What you have to do
Below is a listing; retype exactly the lines between the one containing "Arrimée, 2018, eau-forte, 25" and the one containing "- Per il terrazzo, ampio", inclusive, minus the pictures.

Dataset extract
########################################

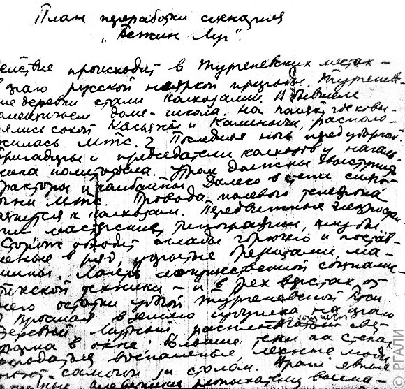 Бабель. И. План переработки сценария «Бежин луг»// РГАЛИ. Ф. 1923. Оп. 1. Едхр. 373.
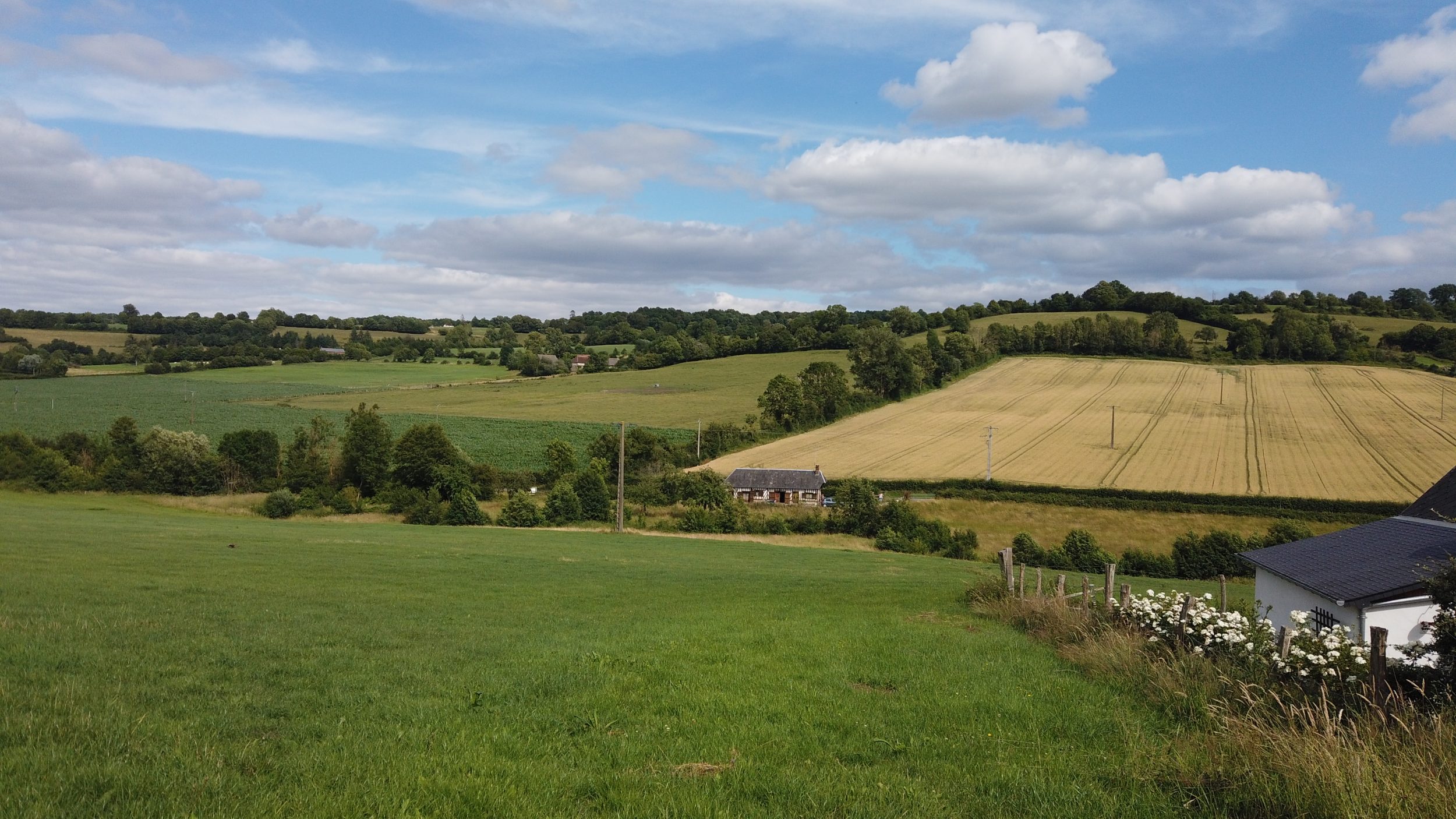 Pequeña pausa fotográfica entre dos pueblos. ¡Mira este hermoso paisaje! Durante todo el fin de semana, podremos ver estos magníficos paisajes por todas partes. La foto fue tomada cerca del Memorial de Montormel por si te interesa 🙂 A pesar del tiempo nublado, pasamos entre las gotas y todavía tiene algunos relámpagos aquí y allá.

########################################

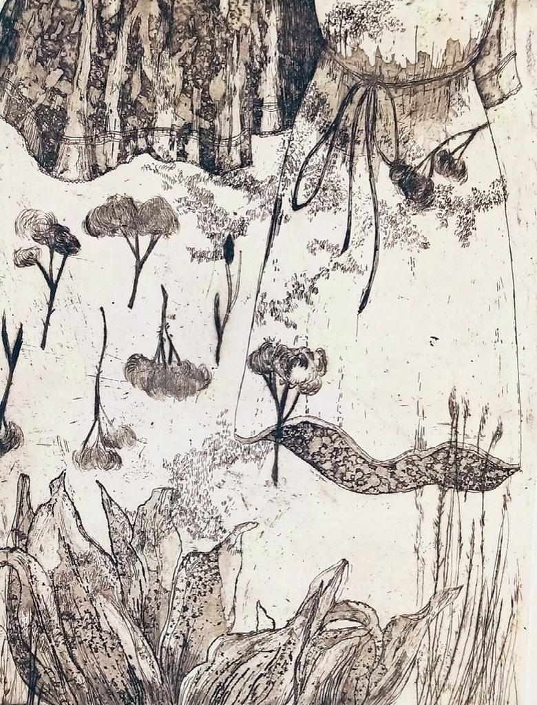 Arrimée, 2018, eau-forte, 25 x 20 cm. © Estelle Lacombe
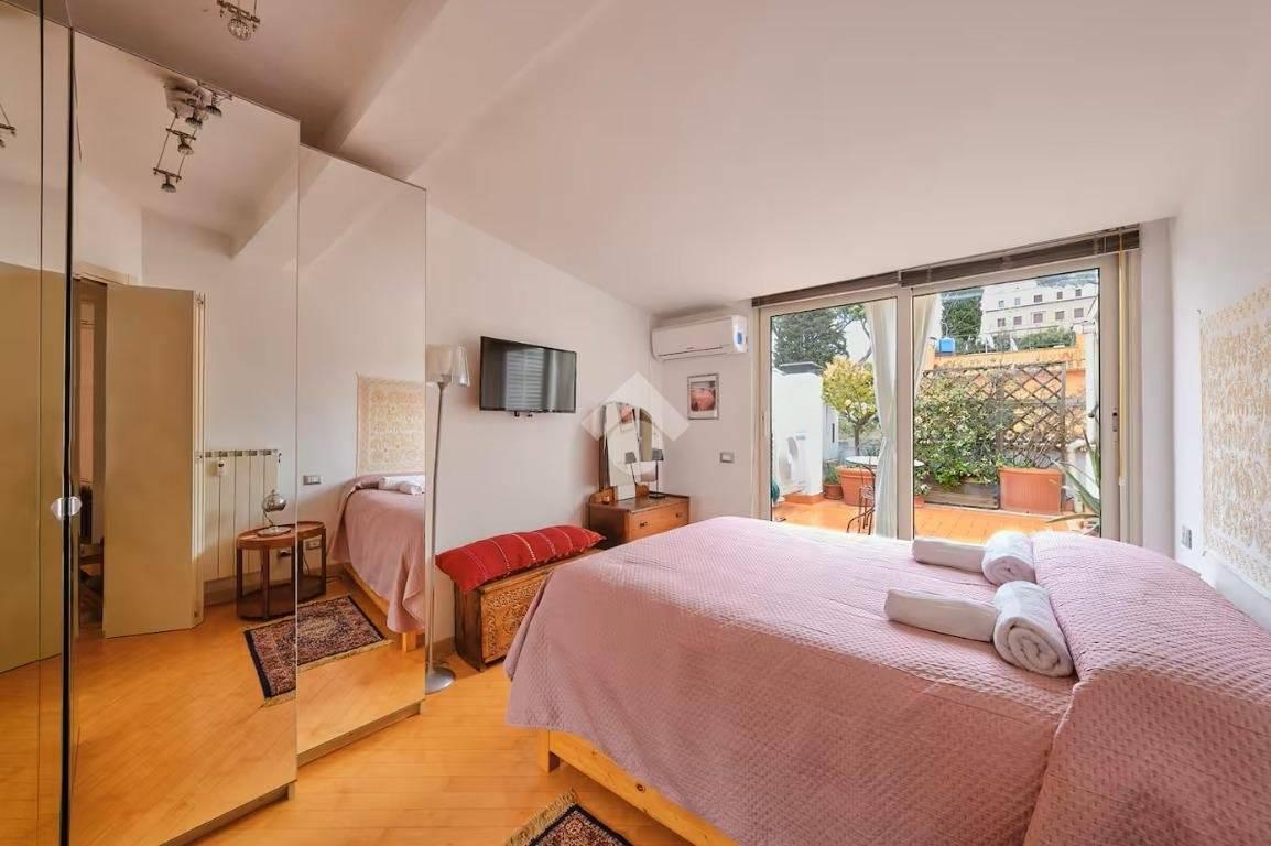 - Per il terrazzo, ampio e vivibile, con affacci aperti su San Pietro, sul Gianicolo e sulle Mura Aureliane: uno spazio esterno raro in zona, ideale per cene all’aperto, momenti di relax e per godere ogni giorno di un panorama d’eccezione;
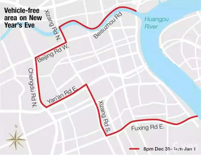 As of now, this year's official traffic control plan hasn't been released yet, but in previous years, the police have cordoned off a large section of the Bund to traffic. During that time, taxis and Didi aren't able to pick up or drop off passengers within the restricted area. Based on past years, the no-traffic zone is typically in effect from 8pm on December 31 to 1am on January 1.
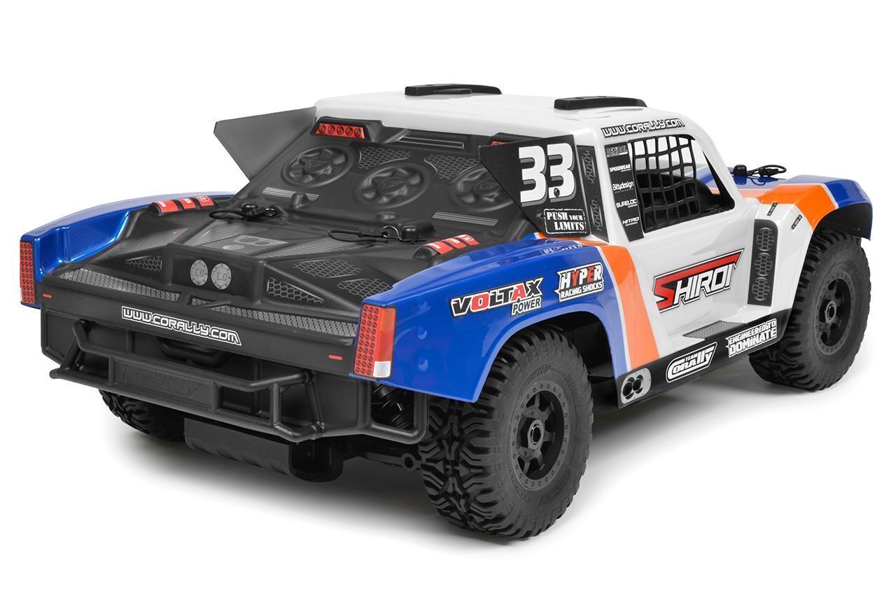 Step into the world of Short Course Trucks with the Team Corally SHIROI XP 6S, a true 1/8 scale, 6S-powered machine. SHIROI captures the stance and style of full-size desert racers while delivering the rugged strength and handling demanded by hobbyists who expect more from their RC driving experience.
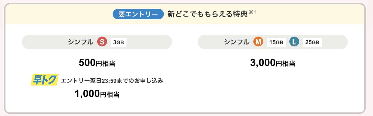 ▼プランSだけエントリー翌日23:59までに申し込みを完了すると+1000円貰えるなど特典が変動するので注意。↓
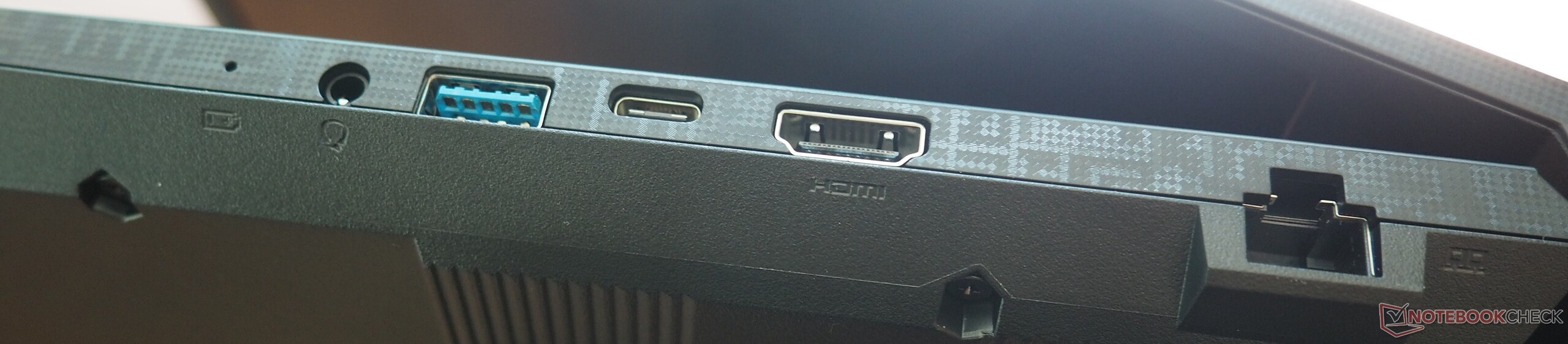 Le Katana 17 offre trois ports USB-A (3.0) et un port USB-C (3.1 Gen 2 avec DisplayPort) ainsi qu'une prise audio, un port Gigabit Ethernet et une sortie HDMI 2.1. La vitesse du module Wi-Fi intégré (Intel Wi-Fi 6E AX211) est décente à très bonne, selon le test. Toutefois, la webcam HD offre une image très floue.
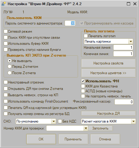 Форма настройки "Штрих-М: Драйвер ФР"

########################################

Exercise result
 Arrimée, 2018, eau-forte, 25 x 20 cm. © Estelle Lacombe
 - Per il terrazzo, ampio e vivibile, con affacci aperti su San Pietro, sul Gianicolo e sulle Mura Aureliane: uno spazio esterno raro in zona, ideale per cene all’aperto, momenti di relax e per godere ogni giorno di un panorama d’eccezione;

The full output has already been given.